Even so, Mr Beckmann would not offer a forecast for trade in the run up to Christmas.

However, Mr Keys seemed bullish. “We were outperforming the competition pre the pandemic and we continue to do so”, he said. “The pandemic closed some opportunities (in terms of brand promotion and development) which are now reopening. In the short to medium term consumer behaviours will not change.”

While companies are cagey about giving figures directly comparable with rivals’ performance, the growth of the global tequila market is underlined by looking at how Jose Cuervo is performing today compared with 2013.

That was when the Beckmann family took back its global distribution rights outside Mexico from Diageo.

It its full year to June 2013, Diageo sold 4.7m cases of Cuervo worth £305 million. In the latest quarter alone Becle’s total sales of all products in the US and Canada alone totalled 4.36m cases, approximately two-thirds of which were tequila. Worldwide it sold 2.25m cases of Jose Cuervo plus 1.1m cases of other tequilas.

So in the latest three months the company’s Jose Cuervo sales equated to more than half of the volume Diageo sold (outside Mexico) in 12 months just eight years ago. And Diageo is no slouch. Then Cuervo accounted for some 3% of its sales and the British group was very keen to cash in on what it saw as the coming tequila boom by owning the brand leader.
As a distributor Diageo earned far less from Jose Cuervo than it would as an owner. Small wonder that Diageo wanted to buy the brand from the Beckmanns and that they declined to sell it.

The price offered was rumoured to be $3bn with the Beckmanns said to want $500m more.

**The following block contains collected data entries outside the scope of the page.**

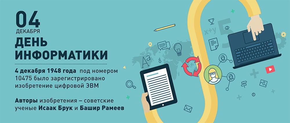 В России дата 4 декабря для празднования Дня информатики выбрана неслучайно. Еще в конце 40-х годов 20 века, заинтересовавшись появившимися публикациями о цифровых вычислительных машинах, член-корреспондент АН СССР по Отделению технических наук И.С. Брук становится активным участником научного семинара, обсуждавшего вопросы автоматизации вычислительной техники.
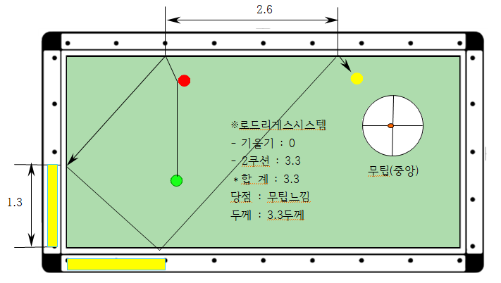 2. 제1항의 거리를 2로 나눈 수가 2쿠션 지점이 되고 여기서는 1.3포인트가 된다
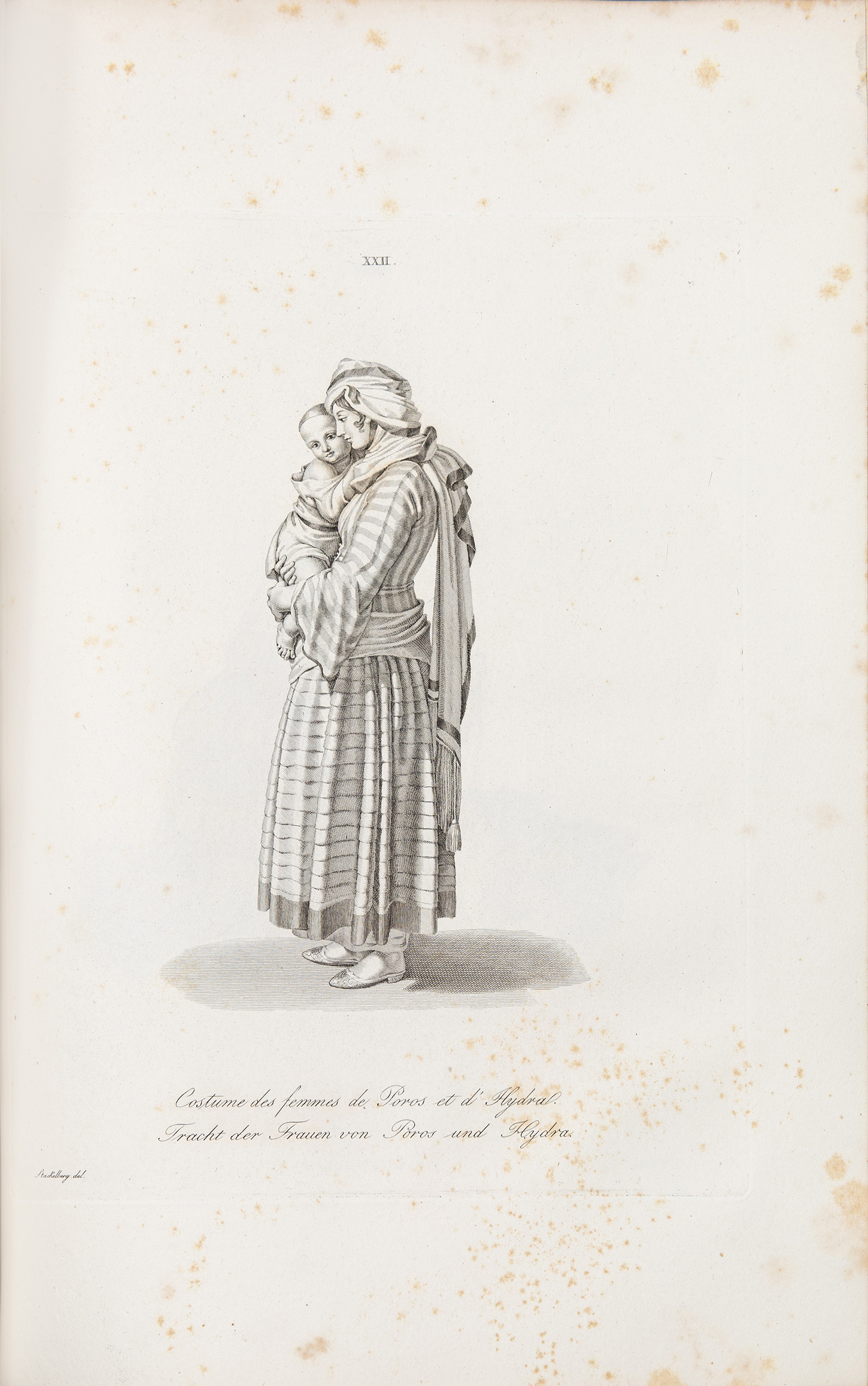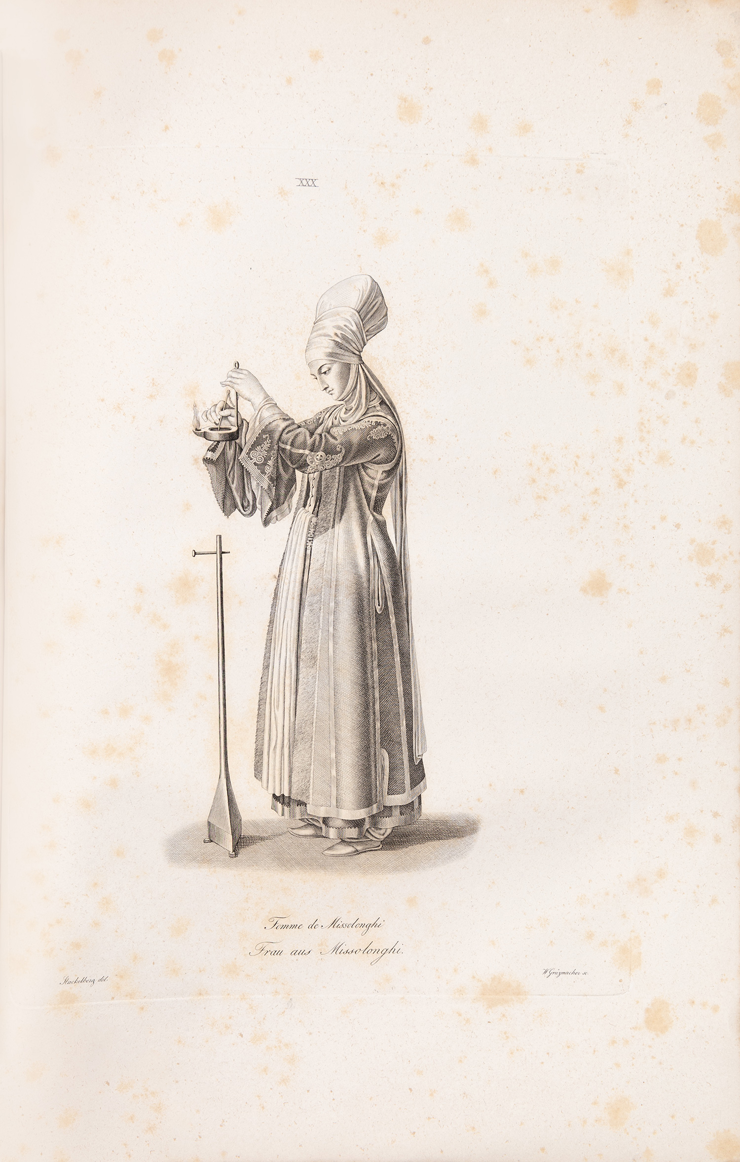 Τιμή εκτίμησης: € 2.000 - 3.000folio (378 x 254 mm.), 28 σ. (οξείδωση, κυρίως στις χαλκογραφίες). Πρώτη έκδοση με επεξηγηματικά κείμενα (στα γερμανικά), χαλκόγραφη προμετωπίδα και 30 χαλκογραφίες, οι λεζάντες στα γαλλικά και γερμανικά. Μεταγενέστερα απλά εξώφυλλα (μικρά σχισίματα στην κορυφή και τη βάση της ράχης). Blackmer 1591, Colas 2790.
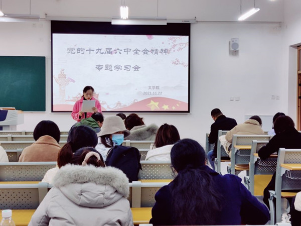11月22日下午,文学院组织全体教职工专题学习党的十九届六中全会精神。学习会由党总支副书记(主持工作)周艺主持。

With no deal, the distribution arrangement ended in 2013 with a swap of consolation prizes, Becle taking Bushmills Irish whiskey and Diageo the 50% of the Don Julio luxury tequila it did not own.

Since then Diageo has poured millions into making Don Julio one of the fastest growing brands in the tequila sector and also spent up to $1bn on buying the super luxury Casamigos brand from George Clooney and his partners.

In its annual figures to June 30 this year, Diageo said its tequila net sales grew 36% with both Don Julio and Casamigos enjoying “strong double digit growth”. Their organic volumes were up by 21% and 61% respectively despite the effects of coronavirus.

And if further evidence of the tequila boom were required, the drinks business reported only last week that the Mexican authorities recently seized and destroyed 199,000 litres of bootleg “tequila” in part of an ongoing drive to protect consumer health and the designated appellation.

Fakers are never slow to spot a burgeoning and profitable market.